Storylines in this group might be of two subtypes. Some of them might simply be relatively neutral
in their characteristics, neither probable or improbable, nor very desirable or undesirable. Other
storylines might simply be too difficult to assess on either of these criteria.
This brings me to what could be called meta-criteria. How do we assess the value of different
criteria used to evaluate different scenarios? Such as desirability and probability, referred to above.
The one criterion that I am giving the most attention to it the moment is usefulness, a topic of
continuing and wide concern by evaluators. So, going back to the evaluation feature in ParEvo, how
useful are these evaluation criteria? If they are not very useful maybe other criteria need to be
found.
My current and very provisional thinking is that these two criteria are potentially useful. The reason
why I think this is that there is some correspondence between these criteria and the distinction
which economists have made between risk and uncertainty. There are various interpretations of
this distinction – so, this is my provisional understanding of the difference. Risks are possibilities we
are aware of and on which we can put a probability estimate. Uncertainties are possibilities that we
are aware of but cannot make any probability estimate, and possibilities that were not even aware
of, which by definition we can’t make any probability estimates for. The distinction between risk
and uncertainty is probably not black-and-white, our confidence in probability estimates probably
exists on a continuum.
A connection can be seen here with the ParEvo evaluation criteria. Storylines with unambiguous
most or least probable/desirable ratings fall within the category of risks. Storylines with contested
most or least probable/desirable ratings could be seen as uncertainties. So perhaps to a lesser
extent might be some of the storylines that did not get a most or least rating at all.
5
The main implication of this distinction between risk and uncertainty is that there will be some
future possibilities that can be planned for and others which can’t be. And somewhat paradoxically,
we need to be prepared for both. From my reading so far, there are two ways of responding to
these possibilities. For identifiable risks i.e. those with some clear and significant probabilities,
specific strategies can be developed in readiness. Pandemic preparedness is an example, even
though their recent implementation may leave a lot to be desired. For uncertainties surplus
resources need to be available on tap, to enable new and additional responses to new and
unexpected possibilities. James March, a famous organisation theorist, described these additional
available resources as “organisational slack”. This strategy is similar to an evolutionary strategy
identified by ecologists, which is called “bet-hedging”. Bet-hedging is a kind of response that is
“neither optimal nor a failure across all environments” (Simons, 2011). A frequently cited example is
the behaviour of annual plants which ensure that only a fraction of their seeds germinate in any
given year. Slack is a potential source of innovation, but also of inefficiency. A decision not to use
this strategy, in order to maximise efficient use of resources in the immediate present, can be a
source of fragility when the unexpected happens. As was seen in the 2008 financial crisis, when
many heavily leveraged businesses went bankrupt.
As already mentioned, the facilitator of the ParEvo exercise has the option of changing the default
evaluation criteria. Various other criteria have been proposed as means of assessing the quality of
scenarios. One of them is traceability - “a process is traceable, means one can follow, what has been
done and how a process came to its results” (Kosow, 2015). Within a ParEvo exercise traceability
exists in the sense that the specific contributor for each component of a storyline can be identified,
unlike the texts generated by many other scenario planning processes (participatory and otherwise).

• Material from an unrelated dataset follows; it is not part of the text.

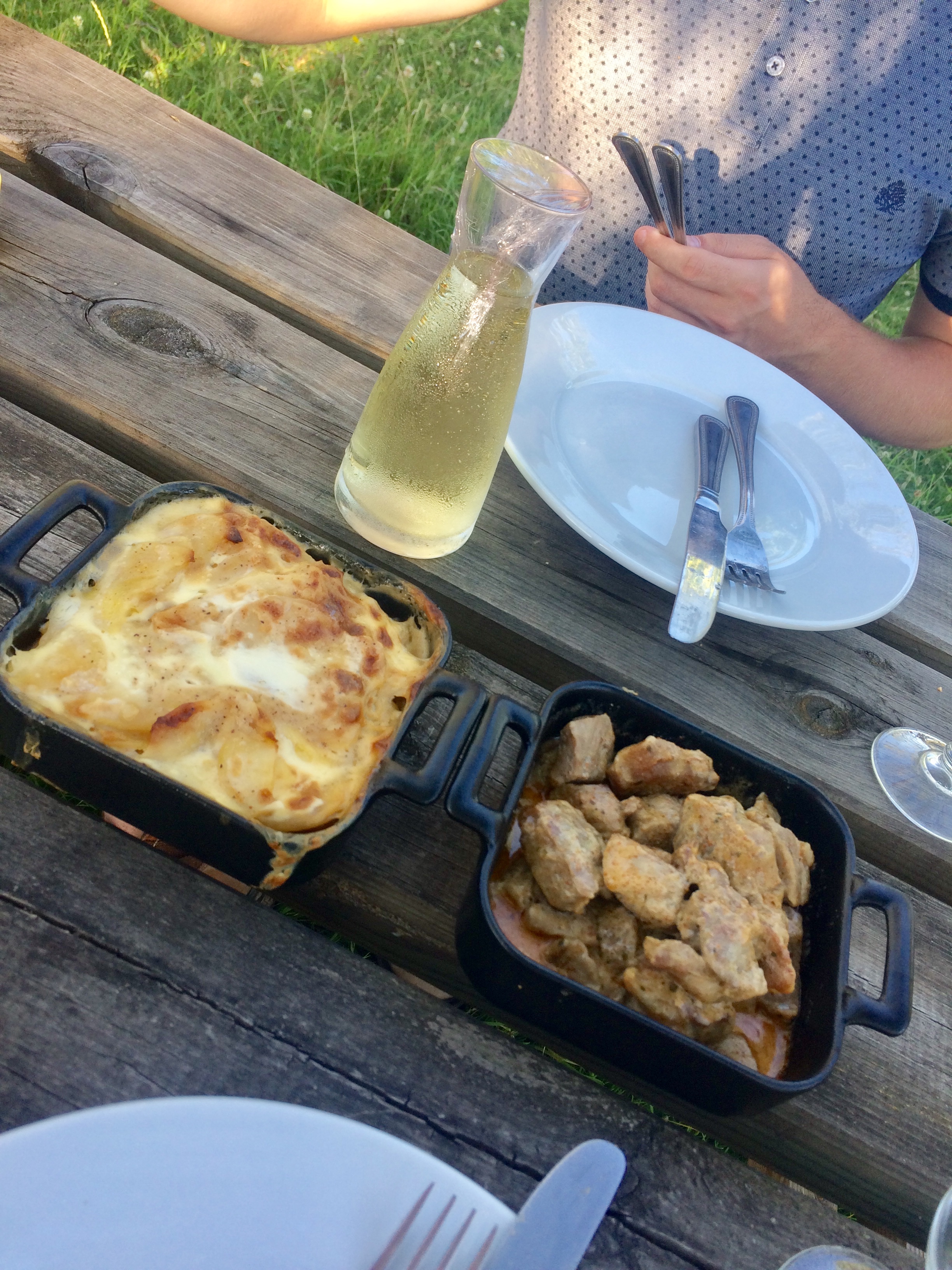 Au menu pour nous ce soir là c’était tarte au Ste Maure de Touraine et oignons / gratin dauphinois et porc mariné au curcuma / fromage / crème brulée. Le chef cuisine sur place des produits frais et locaux qu’il sert dans une caisse réfrigérée en voiturette électrique à tous les hébergements. Si vous êtes au début du domaine, vous serez livrés vers 20h, si vous êtes le dernier logement, comptez plutôt 21h 😉

But the thinking behind the content of a particular contribution is not immediately available – it
could only be accessed by follow-up interviews with the contributor. At that point two aspects could
be distinguished. One is the reasoning behind the choice of which existing storyline to add to with a
new contribution. The other is the reasoning behind the content of that new contribution. These
have not yet been investigated in a ParEvo exercises that have been completed to date but will be
when the next opportunity arises.
A second and widely used criterion is consistency, defined by the absence of internal contradictions
in the content of a scenario. Consistency has been described as a necessary but insufficient
condition for a scenario to be plausible. Plausibility is a bottom-line requirement for contributions
that are made within a ParEvo exercise. One writer has argued that “consistency is understood as a
safeguard against arbitrariness of scenarios. It is a substitute for empirical validation, which is not
possible and not appropriate with respect to scenarios” (Kosow, 2015). The downside risk of the
6
consistency requirement is the elimination of surprises from scenarios whereas in reality surprises
are very much part of life.
A third criterion for evaluating scenarios is polarity (Missler-Behr,2002). Polarity means a scenario
stands in significant contrast to another. The justification for valuing polar scenarios is that the
combinatorial space that contains all possible scenarios is immense, so any sample of possible
scenarios should contain as much diversity as possible. But the downside risk of using this criterion
is that the more polar scenarios will appear like cartoon versions of reality i.e. over-simplified. In the
ParEvo process three dimensions of diversity (derived from ecology) can be measured.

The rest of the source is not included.